* _Exercise details_
These records contain pictures, which must be left out; copy exactly the lines from the one with "1873. 50 cts" up to and including the one with "Straight-leg garment-pleated polyester".

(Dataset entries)
------------------------------

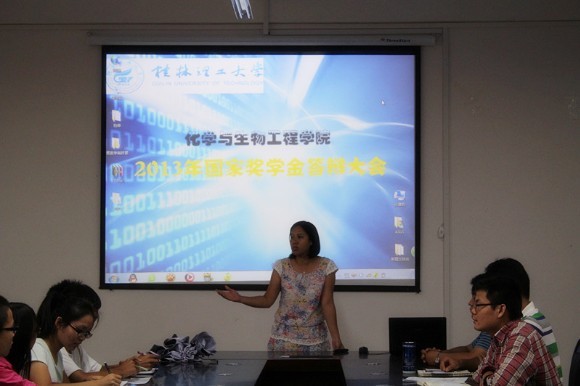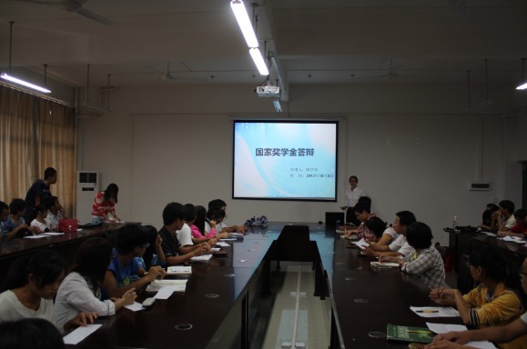 于10月8日中午在12209 教室举行2012-2013学年度国家奖学金答辩会。学院党委副书记陶剑飞与各年级辅导员担任嘉宾,各班级同学代表一起参加了答辩会并担任大众评委。
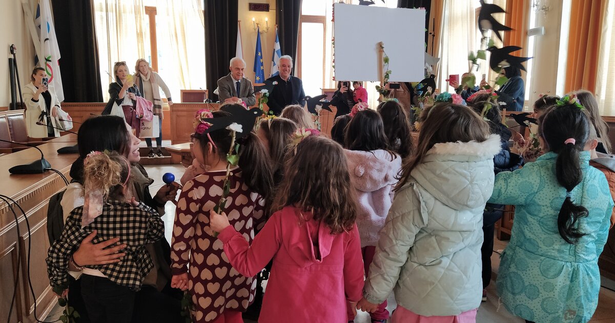 Τα παιδιά του Νηπιαγωγείου κρατώντας χάρτινα ομοίωματα λουλουδιών και χελιδονιών, τραγούδησαν την έλευση της άνοιξης ενώ ο Δήμαρχος τα ευχαρίστησε για την όμορφη ατμόσφαιρα που δημιούργησαν στη Λότζια
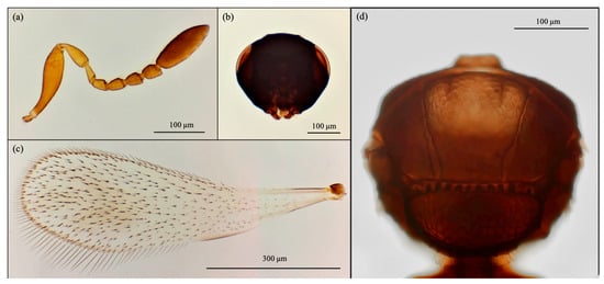 Amitus spiniferus: female. (a) antenna; (b) head; (c) forewing; (d) thorax.
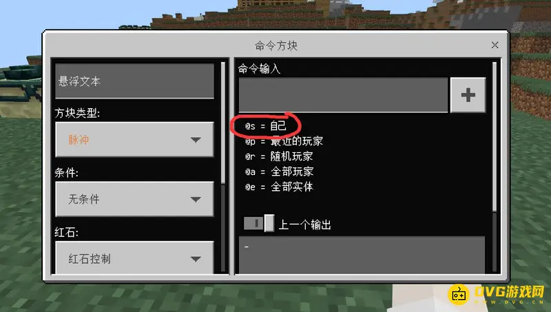 2,然后就可以在方块界面的右侧发现,@s是自己的意思。
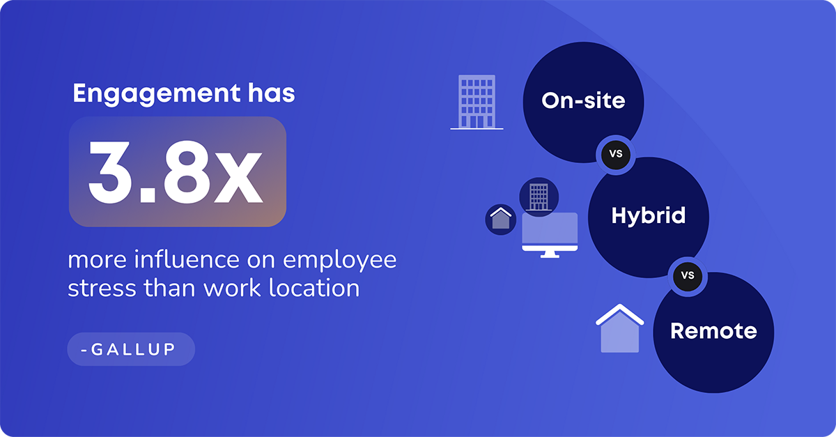 When employees feel engaged, they feel a stronger bond with the organization, which generally leads to greater job satisfaction. These engaged employees tend to have lower stress levels, better life balance accommodating both work and home life, and enhanced employee safety. According to the 2023 State of the Global Workplace Report, engagement has 3.8 times as much influence on employee stress as work location. It states that feelings of enthusiasm and involvement do more to reduce stress than other perceived benefits like where they are sitting.
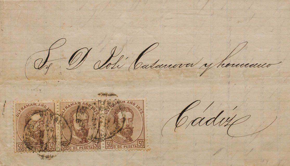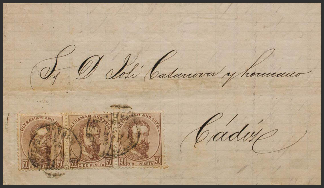 1873. 50 cts castaño, tira de tres. LA HABANA a CADIZ. MAGNIFICA Y RARISIMA COMBINACION DE FRANQUEO CON DESTINO A LA PENINSULA.
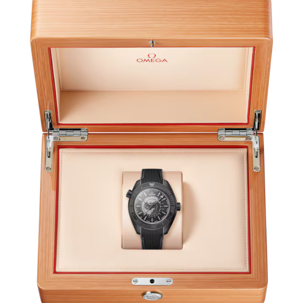 The Planet Ocean 600M 45.5 mm Ref. 215.92.46.22.01.007 is a bold professional dive watch combining high-performance ceramic materials with OMEGA’s Co-Axial Master Chronometer precision. Equipped with GMT functionality and water resistance to 600 meters, it is a versatile tool for divers and world travelers alike, merging technical mastery with sleek contemporary aesthetics.
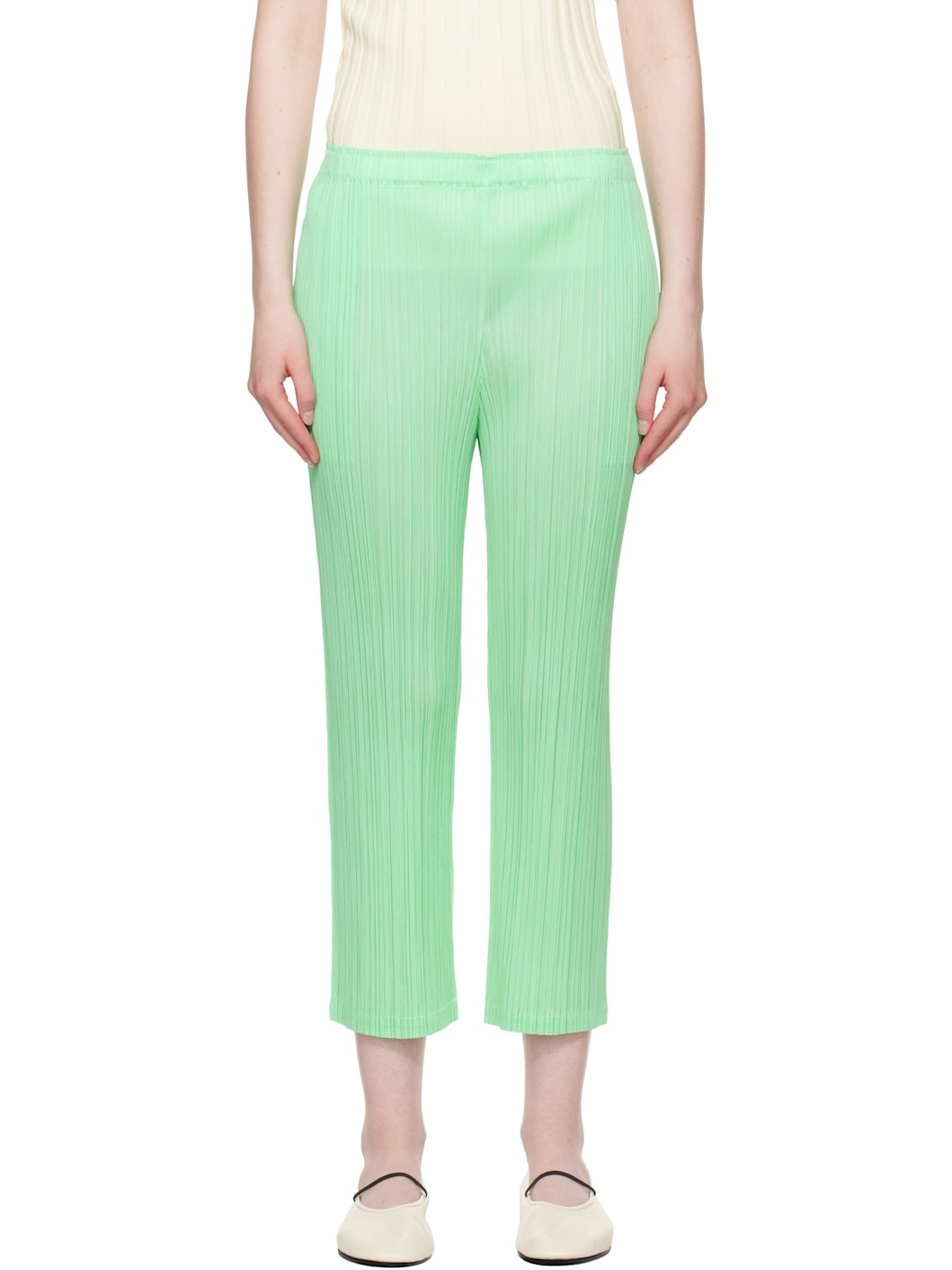 Straight-leg garment-pleated polyester tricot trousers. · Elasticized waistband · Two-pocket styling · Cropped leg Supplier color: Mint green 100% polyester. Made in Japan 252941F087005
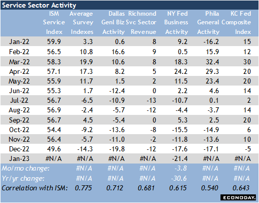 In any case, most of the data that will substantially influence the outcome of the FOMC decision have already been published. The only new reports that might have an impact are the regional Fed surveys of manufacturing and services for January. Already reported was the New York survey for manufacturing (Empire State) which showed an outsized drop while service sector data remain in contraction. Then the Philadelphia Fed survey for manufacturing told a more positive story, although its factory sector is slowing. In the coming week, the Philadelphia Fed will release its survey of the service sector at 8:30 EST on Tuesday. The Richmond Fed’s surveys of manufacturing and services will be reported at 10:00 EST on Tuesday. The Kansas City Fed’s manufacturing survey will be at 11:00 EST on Thursday and service sector survey at 11:00 EST on Friday. If these back up the data that the factory sector is moving into recession and that activity in services is continuing to slow, it might give Fed policymakers another reason to reduce the size of the next rate hike to 25 basis points after the 50 basis points in December. The FOMC will have evidence that inflation is improving – if still too high – and incorporate lagged effects of previous rate hikes into their policy outlook.

------------------------------

* _Solved problem_
 1873. 50 cts castaño, tira de tres. LA HABANA a CADIZ. MAGNIFICA Y RARISIMA COMBINACION DE FRANQUEO CON DESTINO A LA PENINSULA.
 The Planet Ocean 600M 45.5 mm Ref. 215.92.46.22.01.007 is a bold professional dive watch combining high-performance ceramic materials with OMEGA’s Co-Axial Master Chronometer precision. Equipped with GMT functionality and water resistance to 600 meters, it is a versatile tool for divers and world travelers alike, merging technical mastery with sleek contemporary aesthetics.
 Straight-leg garment-pleated polyester tricot trousers. · Elasticized waistband · Two-pocket styling · Cropped leg Supplier color: Mint green 100% polyester. Made in Japan 252941F087005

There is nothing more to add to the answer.